> _GIVEN RECORDS_:
* * * * * * * * *

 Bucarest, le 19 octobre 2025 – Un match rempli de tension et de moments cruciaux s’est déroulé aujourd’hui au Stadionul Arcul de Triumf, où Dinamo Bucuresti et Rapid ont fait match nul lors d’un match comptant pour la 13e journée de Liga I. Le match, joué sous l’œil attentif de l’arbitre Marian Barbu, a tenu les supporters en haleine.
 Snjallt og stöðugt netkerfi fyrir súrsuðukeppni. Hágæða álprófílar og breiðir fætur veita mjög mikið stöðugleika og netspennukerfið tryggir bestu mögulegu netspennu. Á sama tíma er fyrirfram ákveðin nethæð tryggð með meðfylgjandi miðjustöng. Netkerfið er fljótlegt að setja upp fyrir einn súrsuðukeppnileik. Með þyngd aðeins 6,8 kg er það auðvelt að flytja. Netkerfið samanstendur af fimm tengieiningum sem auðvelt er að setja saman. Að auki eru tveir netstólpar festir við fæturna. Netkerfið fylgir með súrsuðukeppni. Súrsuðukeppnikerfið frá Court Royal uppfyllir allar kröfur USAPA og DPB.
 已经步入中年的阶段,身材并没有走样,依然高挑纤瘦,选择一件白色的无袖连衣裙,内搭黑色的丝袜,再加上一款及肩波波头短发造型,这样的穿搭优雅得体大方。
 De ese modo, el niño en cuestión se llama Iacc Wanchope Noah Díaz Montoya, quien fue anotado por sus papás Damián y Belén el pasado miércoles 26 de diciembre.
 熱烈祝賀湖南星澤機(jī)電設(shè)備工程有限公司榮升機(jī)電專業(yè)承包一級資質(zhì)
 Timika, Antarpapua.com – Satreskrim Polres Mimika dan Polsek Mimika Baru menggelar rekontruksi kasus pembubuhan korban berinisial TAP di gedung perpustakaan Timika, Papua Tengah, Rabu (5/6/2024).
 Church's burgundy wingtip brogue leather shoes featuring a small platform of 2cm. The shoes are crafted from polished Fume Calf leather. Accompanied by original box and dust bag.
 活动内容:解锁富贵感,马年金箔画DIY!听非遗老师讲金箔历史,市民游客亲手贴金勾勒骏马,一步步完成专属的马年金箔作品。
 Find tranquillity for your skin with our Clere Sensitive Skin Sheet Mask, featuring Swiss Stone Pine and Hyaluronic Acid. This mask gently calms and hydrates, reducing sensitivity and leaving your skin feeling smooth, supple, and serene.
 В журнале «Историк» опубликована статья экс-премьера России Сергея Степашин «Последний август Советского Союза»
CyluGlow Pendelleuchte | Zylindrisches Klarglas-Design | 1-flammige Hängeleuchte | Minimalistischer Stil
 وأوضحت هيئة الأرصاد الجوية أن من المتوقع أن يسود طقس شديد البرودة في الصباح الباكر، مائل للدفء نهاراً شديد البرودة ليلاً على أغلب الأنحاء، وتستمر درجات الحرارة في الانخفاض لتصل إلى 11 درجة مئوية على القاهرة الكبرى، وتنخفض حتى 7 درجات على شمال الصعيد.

* * * * * * * * *

Search the listing above for the string "featuring". Copy every line that contains it.

> _ANSWER SPACE_:
 Church's burgundy wingtip brogue leather shoes featuring a small platform of 2cm. The shoes are crafted from polished Fume Calf leather. Accompanied by original box and dust bag.
 Find tranquillity for your skin with our Clere Sensitive Skin Sheet Mask, featuring Swiss Stone Pine and Hyaluronic Acid. This mask gently calms and hydrates, reducing sensitivity and leaving your skin feeling smooth, supple, and serene.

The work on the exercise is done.